Tuesday, May 30, 2006

Oriental Poopy

It’s sort of a running joke on GardenWeb to refer to poppies as poopies. I think it all started with a typo that turned out to be so amusing no one could let it to. It certainly grabs your attention.* This post, though, is about poppies, not poop.

I winter-sowed oriental poppy seeds last winter in an effort to follow Mrs. Greenthumbs’ recommendation of the “magnificent seven.” The poppies, along with the delphinium, also among the magnificent seven, failed to germinate. After seeing everyone else’s gorgeous poppy photos last June, I plunked down the cash for bare roots in the fall.

The fleshy roots sent up leaves almost immediately and I very nearly pulled the ugly foliage before realizing that this was my poppy. As the weather warmed, the plant grew larger, but no lovelier. I had to keep reminding myself that it was NOT a weed. The thick snout of a flower bud, rising above the greenery, promised redemption.

Incredibly, I don’t believe I’ve ever seen a poppy outside of a photograph. I’ve seen fields of California poppies (Eschscholzia californica), but never a true papaver poppy. As the thick sepals parted to reveal the vibrant petals within, my anticipation increased. Even half-open, I was mesmerized by its beauty, and reminded of Michael Pollan’s** description of the incipient flower as a bright, silken parachute.
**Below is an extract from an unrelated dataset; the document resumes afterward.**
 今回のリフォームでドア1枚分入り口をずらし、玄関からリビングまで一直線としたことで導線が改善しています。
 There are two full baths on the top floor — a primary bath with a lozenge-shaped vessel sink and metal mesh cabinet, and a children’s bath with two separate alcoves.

The following day, the petals had completely unfurled and I documented the enormous blossom with photographs of my own. This turned out to be fortuitous, because by evening, only half the flower remained. I’m not sure whether to blame the flower or Mr. Tibbs. Perhaps someone will comment on the longevity of their poppy blooms?

I am awaiting the opening of the second bud (already somewhat damaged by the aforementioned kitty). I hope I get to enjoy it for longer than a single day, or I will find this flower poopy, indeed.

*Regarding typos and titles, when my high school English teacher gave us a lecture on titling, he relayed the story of a student who inadvertantly turned in an assignment titled “1000 Pubic Lice.” (He meant “Public.”) In the end, the student let the title remain because it proved more interesting than the original. It was a good lesson in serendipitous titling, but I can’t help wondering what a story about 1000 lice (public or pubic) could be like.

**Michael Pollan wrote the fascinating “Opium Made Easy” article for Harper’s on the cultivation of papaver somniferum in the U.S.


Blogger Kristin said...

Lovely flowers, though I admit I mostly like them because the name Poppy is so delightful. Equally delightful? Poopy.

1:41 PM  
Blogger Zoey said...

I hate to be the bearer of bad news, Kasmira, but they do NOT last long at all. If it 's windy or rainy one or two days is about it.

I think that is why I am so facinated with them. If they lasted all summer, I would certainly tire of their bold orange color.

2:50 PM  
Blogger Jennifer said...

I feel better now, because the poppy seeds I planted went poopy too. :) So I am not the only one.

My backyard neighbor has beautiful poppies. She has red ones, and then pink ones too. They are fabulous.

2:50 PM  
Blogger snappy said...

i saw wild poppies today growing on derelcit land on a roundabout.they are very short lived poppies, few days.They are symbolic of world war one here because after the fighting ending the fields filled with blood red poppies.They are beautiful flowers though..

3:34 PM  
Blogger Garden Obsession said...

Poppies are high on my list for next year and seeing as how I can't grow anything from seed, I'm not even going to bother trying. Where'd you get bare roots?

I have a journalism degree and our college had a public relations degree program as well. The stories we heard about resumes sent out with "Pubic Relations" degrees or internships were almost too much to take.

6:15 AM  
Blogger Kasmira said...

GO - Sorry to take so long to answer your question! I ordered the poppy from VanDyck's. It took me awhile to figure it out.